Create a broken link checker with Python

crawling
scraping
auditing
advertools
A Python script that takes a an advertools crawl file, maps the links on all pages, finds broken internal links and locates them. Also runs the same for external links.

It is assumed that you have alread crawled a website and have the crawl file ready. You can run a simple crawl of a website as follows:

Crawling a website

import advertools as adv
import pandas as pd

adv.crawl(
    url_list="https://example.com",
    output_file="output_file.jsonl",
    follow_links=True)

crawl_df = pd.read_json("output_file.jsonl", lines=True)

Getting error URLs

error_urls = crawl_df[crawl_df['status'].ne(200)]['url'].tolist()
error_urls
['https://supermetrics.com/blog/google-ads-key-lessons',
 'https://supermetrics.com/blog/marketing-data-pipeline',
 'https://supermetrics.com/case-studies/vuelo6',
 'https://supermetrics.com/docs/integration-google-analytics-fields/',
 'https://supermetrics.com/webinars/vanmoof-data-warehouse',
 'https://support.supermetrics.com/support/solutions/articles/19000092290-can-i-schedule-queries-to-refresh-automatically-excel-',
 'https://supermetrics.com/blog/bulk-url-checker-template',
 'https://supermetrics.com/blog/insightful-ppc-report']

Errors here are defined as anything with a status code other than 200. It is up to you to define this by filtering the status codes that make sense to you. Examples:

  • Finding status codes between two numbers:
crawl_df[crawl_df['status'].between(400, 499)]

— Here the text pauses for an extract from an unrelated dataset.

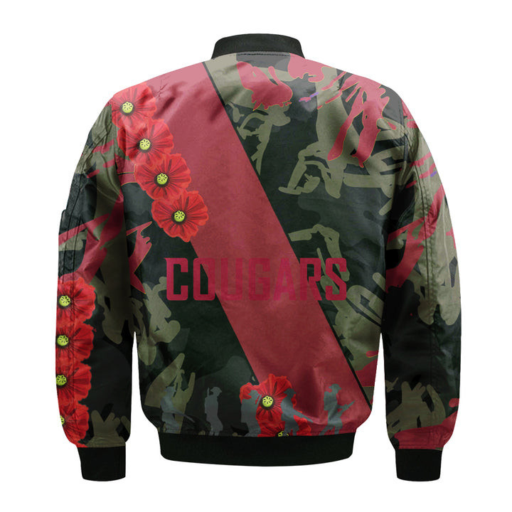 Washington State Cougars Red Flowers Black Bomber Jacket | NCAA College Team Jacket for Men & Women | Sports Fan Gift
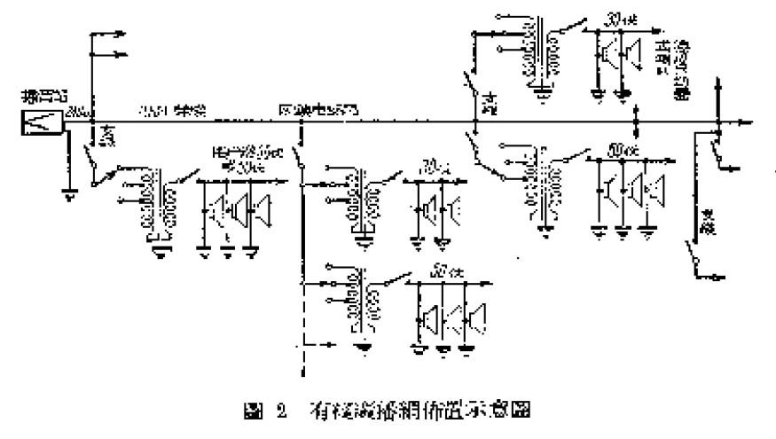 苏联的农庄用户比较集中,路线一远就分几次集中接转,接转前后,线上的电压并不相等。我们的农村相当分散,沿着一对县到区,或区到乡的电话线,到处都可能接上长短不同的用户线,所以最好是在240伏电线上又直接接许多240伏支线,再由支线上经变压器接到用户线。每一路支线加一个开关,由区镇电话局负责管,当这一路支线有故障或短路情形时就断开开关,保证不使别的支线受到影响;每一路用户线也接一个开关,由村干部负责管,当这一路用户线上有喇叭短路时就断开开关,保证不使同一支线上其他用户线受到影响(图2)。

The between method optionally takes an inclusive parameter, to which you can supply any of [“both”, “neither”, “left”, “right”]

  • Finding status codes that belong to a defined set of codes
crawl_df[crawl_df['status'].isin([404, 403, 429])]
  • Finding status codes that are any of <, >, <=, >=, ==, != which are also available as method names. I prefer using the method names because this doesn’t have any spaces, and enables method chaining.
crawl_df[crawl_df['status'].lt(400)]  # < "less than"
crawl_df[crawl_df['status'].gt(400)]  # > "greater than"
crawl_df[crawl_df['status'].le(400)]  # <=
crawl_df[crawl_df['status'].ge(400)]  # >=
crawl_df[crawl_df['status'].eq(400)]  # ==
crawl_df[crawl_df['status'].ne(400)]  # !=

Locating error URLs

Finding which URLs had the status code(s) of choice is quite easy, but we also want to know which pages link to these URLs. You might want to change those links and link somewhere else in case the broken URLs have expired for example.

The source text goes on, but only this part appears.